» WHAT YOU WILL DO:
With pictures omitted, copy exactly every line from the one that contains "The dining table" to the end of the listing below.

----- INFORMATION PROVIDED -----

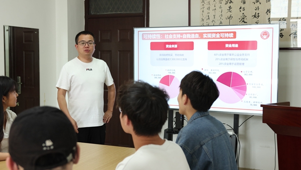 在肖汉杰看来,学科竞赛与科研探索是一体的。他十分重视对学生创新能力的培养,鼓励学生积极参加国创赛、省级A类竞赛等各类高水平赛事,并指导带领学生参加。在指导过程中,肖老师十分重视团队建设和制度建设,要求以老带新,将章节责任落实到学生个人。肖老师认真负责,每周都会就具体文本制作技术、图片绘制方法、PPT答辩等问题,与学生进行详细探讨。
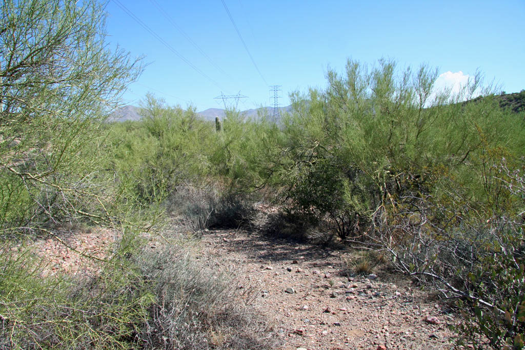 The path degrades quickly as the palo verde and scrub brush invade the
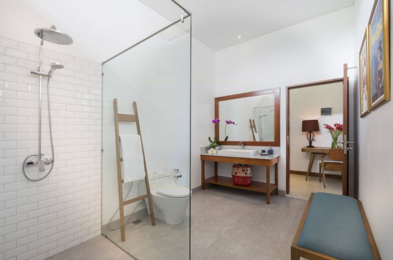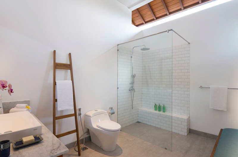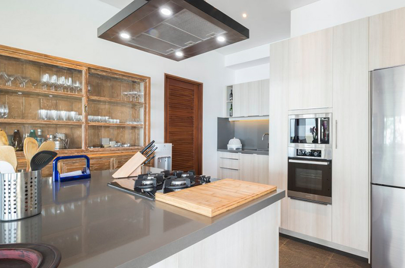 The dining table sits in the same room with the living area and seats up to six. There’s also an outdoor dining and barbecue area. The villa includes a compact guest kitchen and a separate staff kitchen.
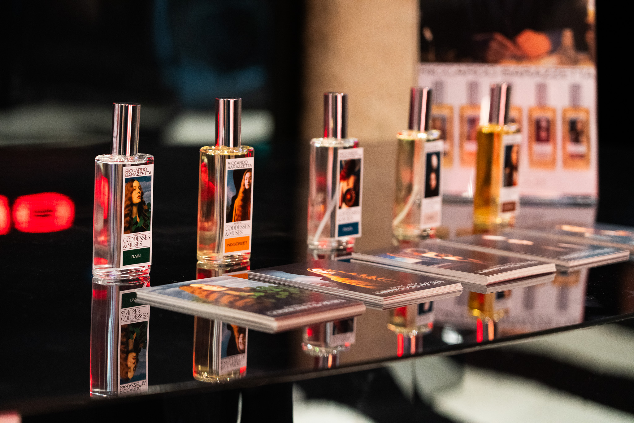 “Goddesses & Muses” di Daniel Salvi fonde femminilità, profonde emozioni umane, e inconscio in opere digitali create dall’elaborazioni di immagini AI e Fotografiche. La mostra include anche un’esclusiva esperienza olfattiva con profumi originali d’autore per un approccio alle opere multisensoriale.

-----

» OUTPUT BELOW:
 The dining table sits in the same room with the living area and seats up to six. There’s also an outdoor dining and barbecue area. The villa includes a compact guest kitchen and a separate staff kitchen.
 “Goddesses & Muses” di Daniel Salvi fonde femminilità, profonde emozioni umane, e inconscio in opere digitali create dall’elaborazioni di immagini AI e Fotografiche. La mostra include anche un’esclusiva esperienza olfattiva con profumi originali d’autore per un approccio alle opere multisensoriale.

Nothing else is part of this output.